TASK TO CARRY OUT: Begin at the line containing "Sobre color Sage, tarjeta" and retype each line through the end of the records exactly. Include nothing else and no pictures.

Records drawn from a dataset

▼

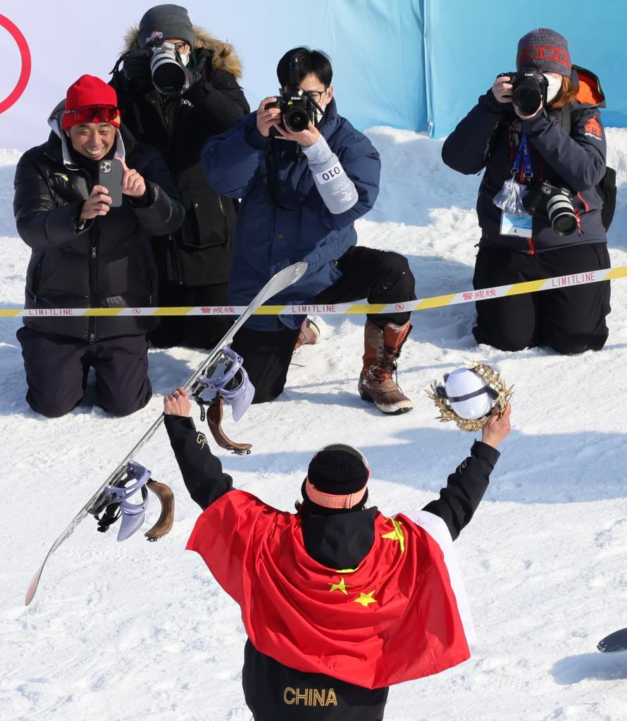 2月15日,中国选手苏翊鸣在颁发纪念品仪式后庆祝。新华社记者 兰红光 摄
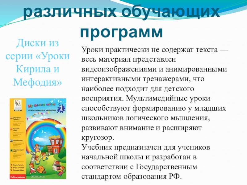 представлен видеоизображениями и анимированными интерактивными тренажерами, что наиболее подходит для детского восприятия. Мультимедийные уроки способствуют формированию у младших школьников логического мышления, развивают внимание и расширяют кругозор.
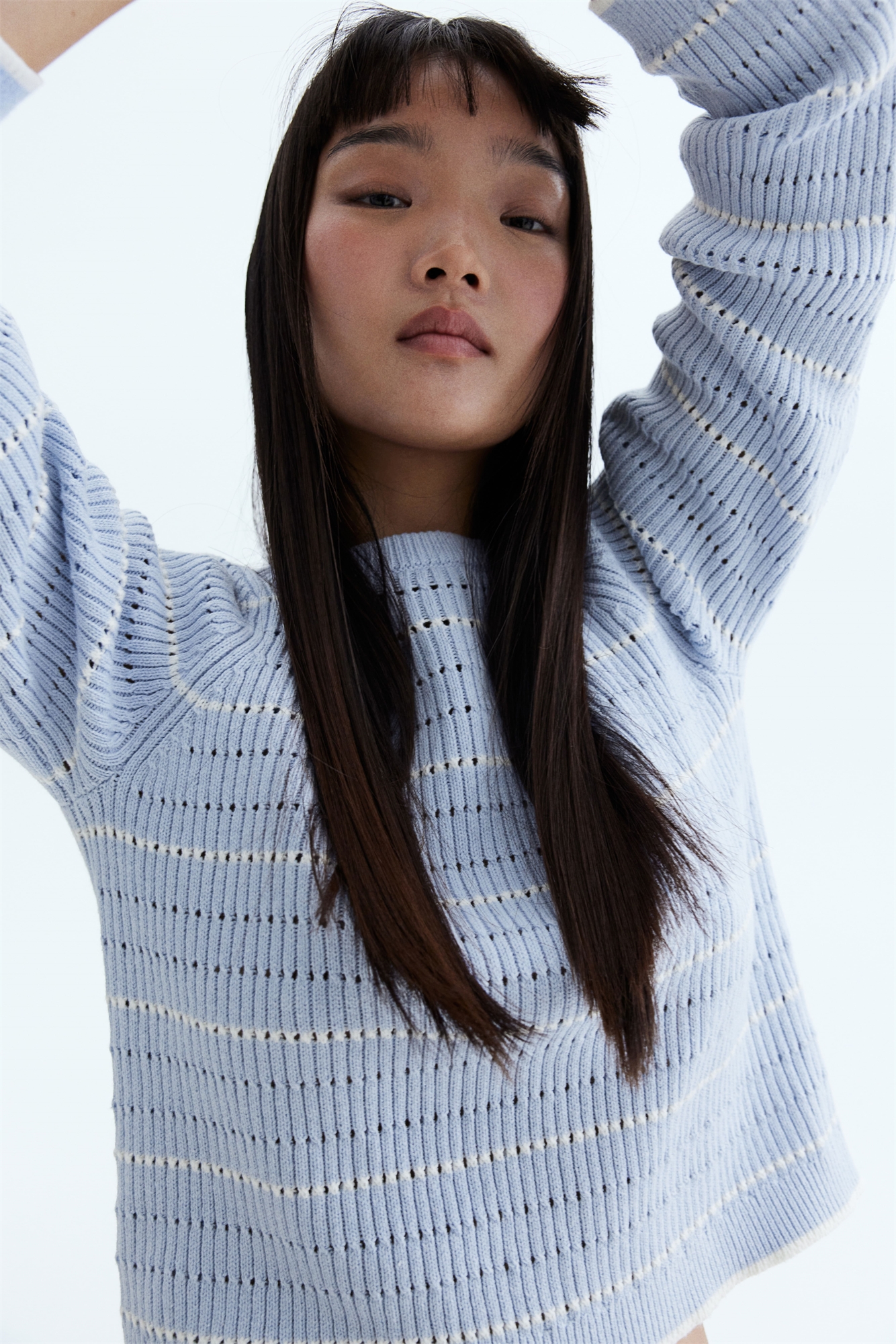 Джемпер из мягкого трикотажа в рубчик с перфорацией. Круглый вырез в рубчик, длинные рукава, манжеты и подол в рубчик.
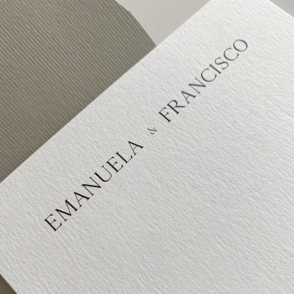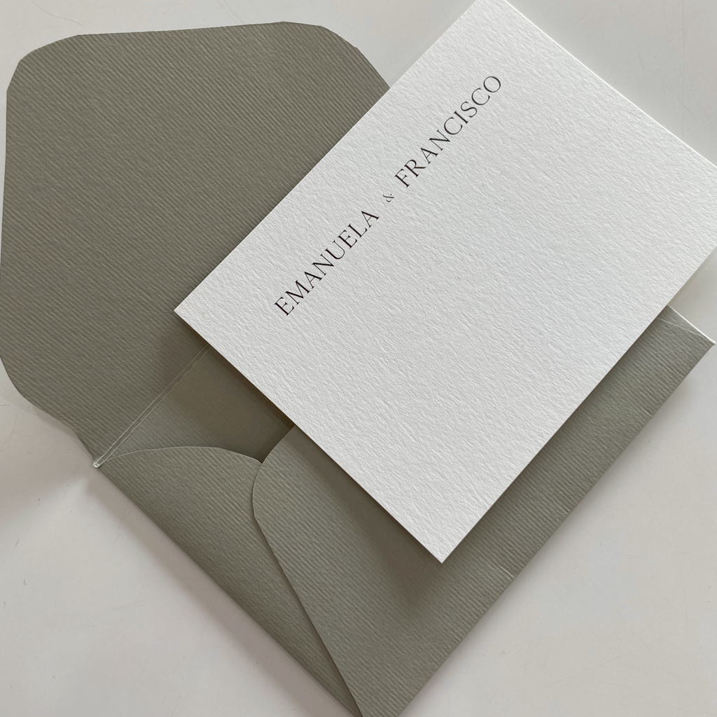 Sobre color Sage, tarjeta blanco crudo de algodón.
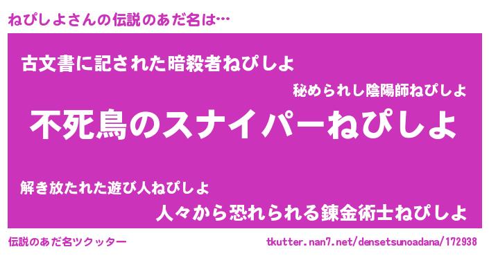 | 意味不明あだ名 | 『自称ねぴしよ』『ペロリンねぴしよ』 |
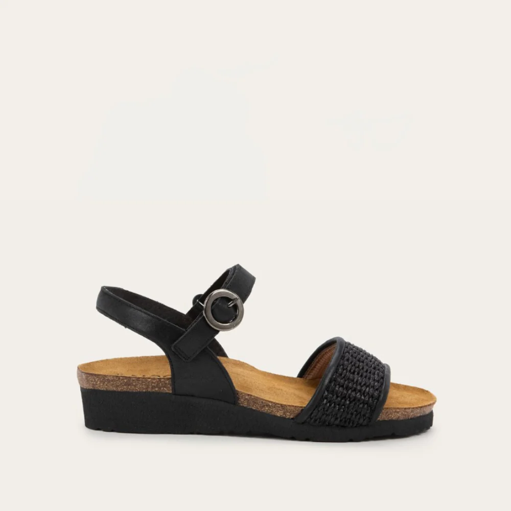 Meet Cecile - the perfect harmony of comfort and elegance. This backstrap sandal boasts a chic design with a faux buckle hook and loop strap and raffia detailing on the front strap, adding a touch of natural charm to any ensemble. The adjustable closure provides ease and convenience, ensuring you never have to sacrifice style for comfort. Cecile is the ideal choice for any occasion. Crafted with Naot's anatomic cork and latex footbed wrapped in pampering suede and molds to the shape of your foot with wear, ensuring personalized comfort. Plus, it's accepted by the American Podiatric Medical Association (APMA) for promoting good foot health. The Elegant Collection's 1.5" EVA sole offers both elegance and support.
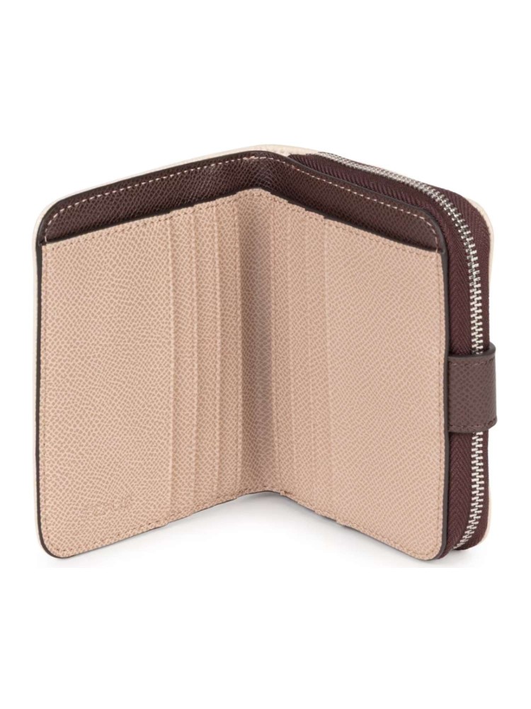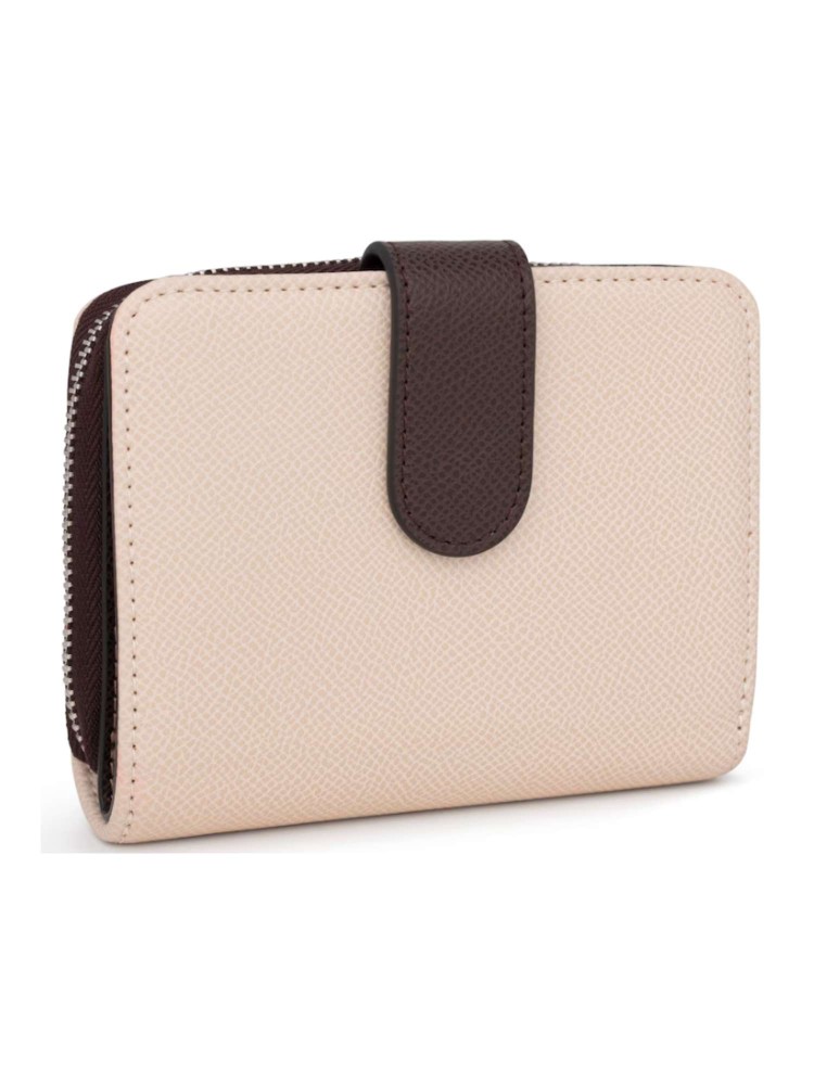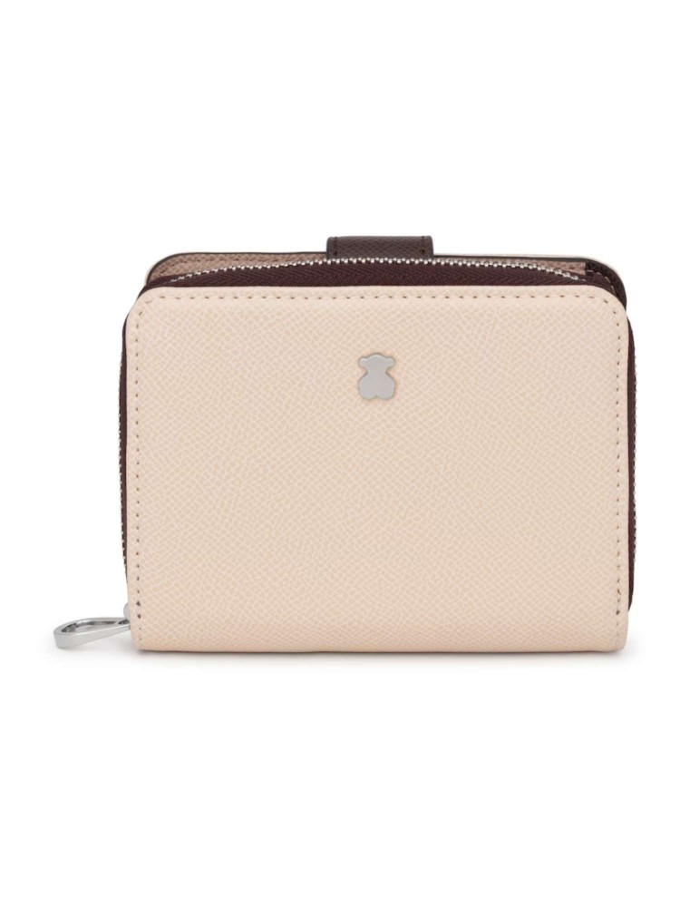 Cartera de poliuretano con efecto saffiano en colore beige. Cierre con botón a presión y cremallera. Dos compartimentos principales: uno con cremallera y otro para tarjetas. Medidas: 12 x 10 x 3 cm

▲

OUTPUT OF THE EXERCISE:
 Sobre color Sage, tarjeta blanco crudo de algodón.
 | 意味不明あだ名 | 『自称ねぴしよ』『ペロリンねぴしよ』 |
 Meet Cecile - the perfect harmony of comfort and elegance. This backstrap sandal boasts a chic design with a faux buckle hook and loop strap and raffia detailing on the front strap, adding a touch of natural charm to any ensemble. The adjustable closure provides ease and convenience, ensuring you never have to sacrifice style for comfort. Cecile is the ideal choice for any occasion. Crafted with Naot's anatomic cork and latex footbed wrapped in pampering suede and molds to the shape of your foot with wear, ensuring personalized comfort. Plus, it's accepted by the American Podiatric Medical Association (APMA) for promoting good foot health. The Elegant Collection's 1.5" EVA sole offers both elegance and support.
 Cartera de poliuretano con efecto saffiano en colore beige. Cierre con botón a presión y cremallera. Dos compartimentos principales: uno con cremallera y otro para tarjetas. Medidas: 12 x 10 x 3 cm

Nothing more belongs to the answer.